■ **What the exercise asks**
Return the material exactly, first line through the line containing "Die Tastatur verfügt", and nothing more. Pictures stay out.

■ **Source records**
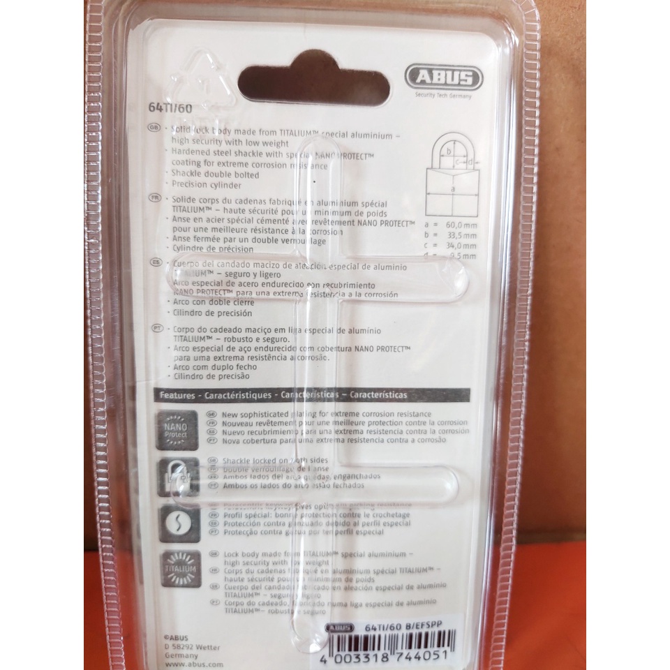 [Chính hãng] Khoá Abus Titanium 64ti/60 chính hãng
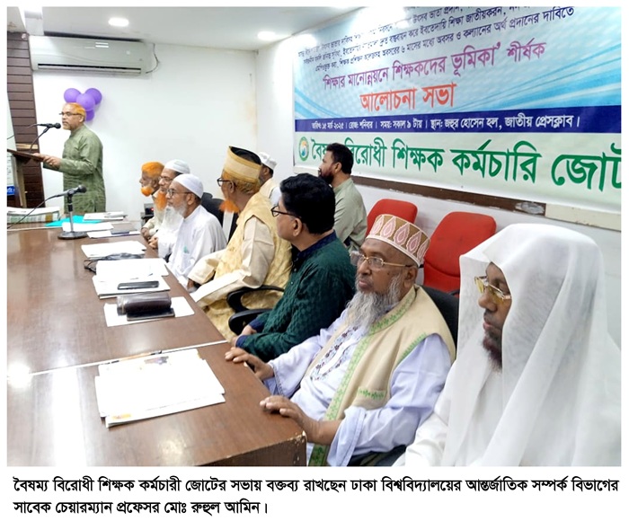 নিজস্ব প্রতিবেদকঃ আসন্ন ঈদে শতভাগ উৎসব ভাতার দাবি, শিক্ষায় বৈষম্য নিরসনে শতভাগ উৎসব ভাতা, সরকারি নিয়মে বাড়িভাড়া, মেডিকেল ভাতা, সর্বজনীন বদলি, ইবতেদায়ির নীতি মালা দ্রুত বাস্তবায়ন, ননএমপিও শিক্ষা প্রতিষ্ঠান এমপিওভুক্ত করা, অবসরের ৬মাসের মধ্যে অবসর ও কল্যানের অর্থ প্রদানের দাবিতে ১৫ মার্চ জাতীয় প্রেসক্লাবে প্রেসক্লাবের জহুর হোসেন হল অধ্যক্ষ মোঃ মাঈনউদ্দিনের সভাপতিত্বে উপাধ্যক্ষ মোঃ আবদুর রহমানের সঞ্চালনায় শিক্ষার মানোন্নয়ন শিক্ষকদের ভূমিকা শীর্ষক আলোচনা মুল প্রবন্ধ উপস্থাপন করেন জাতীয় শিক্ষক ফোরামের কেন্দ্রীয় কমিটির সভাপতি অধ্যাপক মোঃ নাসির উদ্দিন খান।
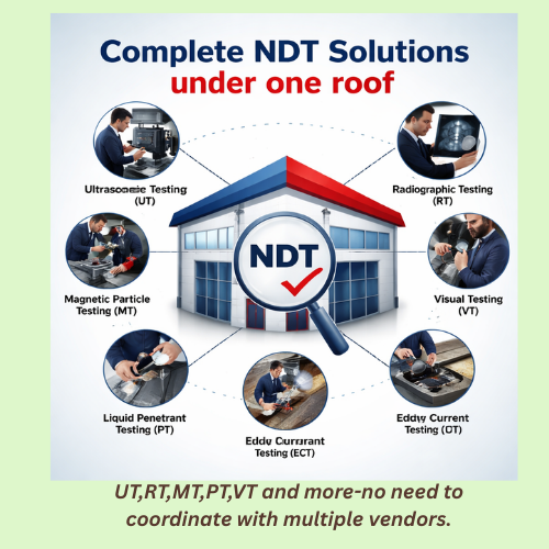 We are a professional Non-Destructive Testing (NDT) company providing reliable inspection services to ensure safety, quality, and integrity of materials and structures. Our certified inspectors deliver accurate results using advanced testing techniques and equipment. We work in accordance with national and international standards to meet client requirements. With a strong focus on safety, quality, and timely service, we help our clients build with confidence.
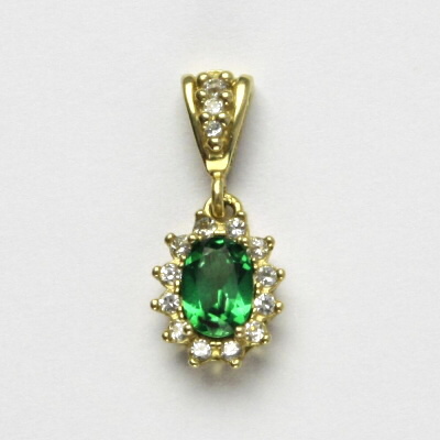 Přívěsek je vyroben ze žlutého zlata. Je zdoben zirkonem - emerald o rozměru 7x5 mm a malými čirými zirkony. Materiál je zlato 585/1000. Orientační váha přívěsku je 1,85 g
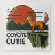 Charmanter Coyote mit spielerischem Ambiente unter dem roten Sonnenuntergang. Ideal für Naturliebhaber, Naturliebhaber oder alle, die niedliche und wilde Tierkunst mit einer Touch Abenteuer genießen.
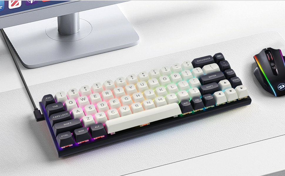 Die Tastatur verfügt über ein minimalistisches Design mit einem klaren Weiß- oder Blau-Schwarz-Farbschema, das sowohl für Gaming- als auch für professionelle Umgebungen geeignet ist. Die kompakte Struktur ermöglicht Benutzern einen besser organisierten Arbeitsplatz.
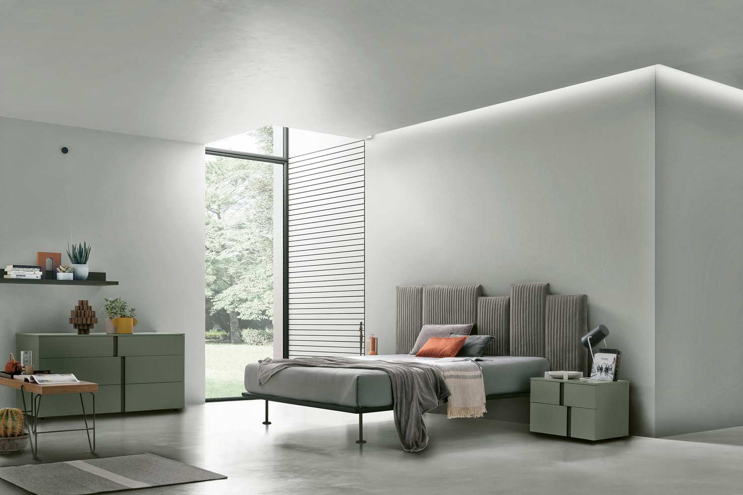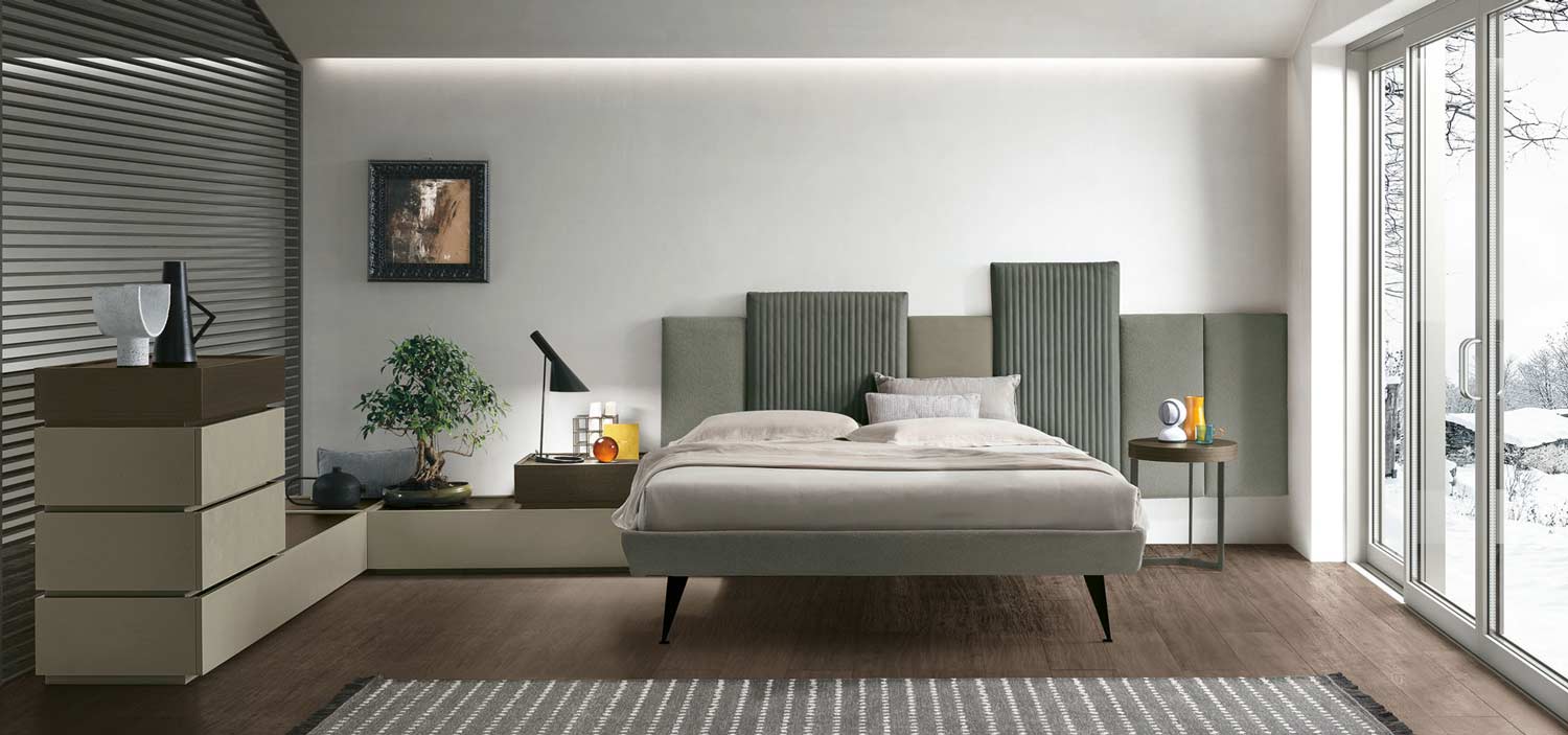 Il letto Skyline si ispira ai profili delle città metropolitane. I pannelli della testiera di varie dimensioni e finiture disegnano diversi livelli. Il letto con la testiera Skyline avrà quindi un impatto decorativo importante per tutta la camera.
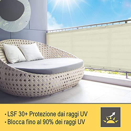 Sol Royal Frangivista e Telo Frangivento per Balconi 90x300 cm in 160g/m PES - Frangivista Balcone Impermeabile & Protezione UV - Schermi Privacy con Occhielli Crema - SolVision PB2
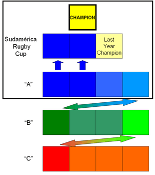 - After restructuring following the 2013 tournament, the champion of each year, will only take part in the final stage of the South America Championship A, called Sudámerica Rugby Cup.

■ **Output**
 [Chính hãng] Khoá Abus Titanium 64ti/60 chính hãng
 নিজস্ব প্রতিবেদকঃ আসন্ন ঈদে শতভাগ উৎসব ভাতার দাবি, শিক্ষায় বৈষম্য নিরসনে শতভাগ উৎসব ভাতা, সরকারি নিয়মে বাড়িভাড়া, মেডিকেল ভাতা, সর্বজনীন বদলি, ইবতেদায়ির নীতি মালা দ্রুত বাস্তবায়ন, ননএমপিও শিক্ষা প্রতিষ্ঠান এমপিওভুক্ত করা, অবসরের ৬মাসের মধ্যে অবসর ও কল্যানের অর্থ প্রদানের দাবিতে ১৫ মার্চ জাতীয় প্রেসক্লাবে প্রেসক্লাবের জহুর হোসেন হল অধ্যক্ষ মোঃ মাঈনউদ্দিনের সভাপতিত্বে উপাধ্যক্ষ মোঃ আবদুর রহমানের সঞ্চালনায় শিক্ষার মানোন্নয়ন শিক্ষকদের ভূমিকা শীর্ষক আলোচনা মুল প্রবন্ধ উপস্থাপন করেন জাতীয় শিক্ষক ফোরামের কেন্দ্রীয় কমিটির সভাপতি অধ্যাপক মোঃ নাসির উদ্দিন খান।
 We are a professional Non-Destructive Testing (NDT) company providing reliable inspection services to ensure safety, quality, and integrity of materials and structures. Our certified inspectors deliver accurate results using advanced testing techniques and equipment. We work in accordance with national and international standards to meet client requirements. With a strong focus on safety, quality, and timely service, we help our clients build with confidence.
 Přívěsek je vyroben ze žlutého zlata. Je zdoben zirkonem - emerald o rozměru 7x5 mm a malými čirými zirkony. Materiál je zlato 585/1000. Orientační váha přívěsku je 1,85 g
 Charmanter Coyote mit spielerischem Ambiente unter dem roten Sonnenuntergang. Ideal für Naturliebhaber, Naturliebhaber oder alle, die niedliche und wilde Tierkunst mit einer Touch Abenteuer genießen.
 Die Tastatur verfügt über ein minimalistisches Design mit einem klaren Weiß- oder Blau-Schwarz-Farbschema, das sowohl für Gaming- als auch für professionelle Umgebungen geeignet ist. Die kompakte Struktur ermöglicht Benutzern einen besser organisierten Arbeitsplatz.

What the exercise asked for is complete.